The Corner

Education

How Ron DeSantis Stole Christmas

Florida’s Republican incumbent governor Ron DeSantis takes to the stage opposite his then-Democratic Party challenger Charlie Crist at the Sunrise Theatre in Fort Pierce, Fla., October 24, 2022. (Crystal Vander Weiter/Pool via Reuters)

An ominous Daily Beast headline from this morning reads: “They Were Loving College. Then Ron DeSantis Got Involved.” Here are the opening two paragraphs:

When Gov. Ron DeSantis and his war on “woke” education took aim at the New College of Florida on Friday, Sam Sharf was surfing with friends an hour down the coast.

Which is to say the 22-year-old sophomore was blissfully unaware that the small public liberal arts school she attended was the latest target in what could be the governor’s hate-fueled march to a Republican presidential nomination.

Dun dun dun dunnnnnnn.

The rest of the story, unfortunately, is far less exciting than the attention-grabbing headline and opening salvo.

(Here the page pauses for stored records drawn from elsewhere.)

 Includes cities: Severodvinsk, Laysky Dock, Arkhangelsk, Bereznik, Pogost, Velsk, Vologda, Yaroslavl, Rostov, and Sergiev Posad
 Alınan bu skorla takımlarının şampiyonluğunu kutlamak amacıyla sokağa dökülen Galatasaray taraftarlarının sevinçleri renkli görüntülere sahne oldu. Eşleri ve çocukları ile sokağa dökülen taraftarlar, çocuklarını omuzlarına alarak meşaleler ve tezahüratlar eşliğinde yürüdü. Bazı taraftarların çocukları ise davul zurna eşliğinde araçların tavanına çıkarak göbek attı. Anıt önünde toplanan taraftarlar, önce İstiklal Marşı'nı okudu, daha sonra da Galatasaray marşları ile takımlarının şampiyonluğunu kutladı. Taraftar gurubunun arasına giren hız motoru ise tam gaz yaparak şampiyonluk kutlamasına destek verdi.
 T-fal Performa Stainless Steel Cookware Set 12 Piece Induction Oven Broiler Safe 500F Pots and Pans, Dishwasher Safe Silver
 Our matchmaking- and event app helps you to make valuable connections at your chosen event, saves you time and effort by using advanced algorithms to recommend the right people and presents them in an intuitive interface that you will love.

The “latest target” in DeSantis’s “hate-fueled march to the Republican presidential nomination” was the appointment of six new conservative board members at the left-wing Sarasota college, including the prominent anti-critical-race-theory activist Chris Rufo, pending confirmation by the Florida state senate. As the Daily Beast reports, that made at least two students very upset. One, Sam Sharf, relayed to the outlet: “I got really sad and then just, like, laid down.” The other, Jack Sobel — a political-science senior “who helped start a Twitter account for students who want to push back against the governor’s aims” — thundered: “I certainly don’t believe that this is saving New College the way Ron DeSantis and his allies are framing it.”

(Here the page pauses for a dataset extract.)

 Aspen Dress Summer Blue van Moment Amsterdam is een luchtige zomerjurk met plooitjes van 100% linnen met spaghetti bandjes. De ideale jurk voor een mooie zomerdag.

And . . . that’s it. No, really. The “they” in the “They Were Loving College” is two students, and the “And then Ron DeSantis came along and stole Christmas, tortured puppies, and abolished ice cream and children’s laughter” tone of the opener turns out to be describing the fact that one student disagreed with how “DeSantis and his allies are framing it” and another felt “sad.” (That second point was reiterated by the same student later on in the piece: “It made me really sad,” Sharf said. “But then I began contemplating how, like, we as a student body . . . reject this and try and do our best to fight back and defend our space.”)

Grim stuff. But then again, this is Ron DeSantis’s Florida.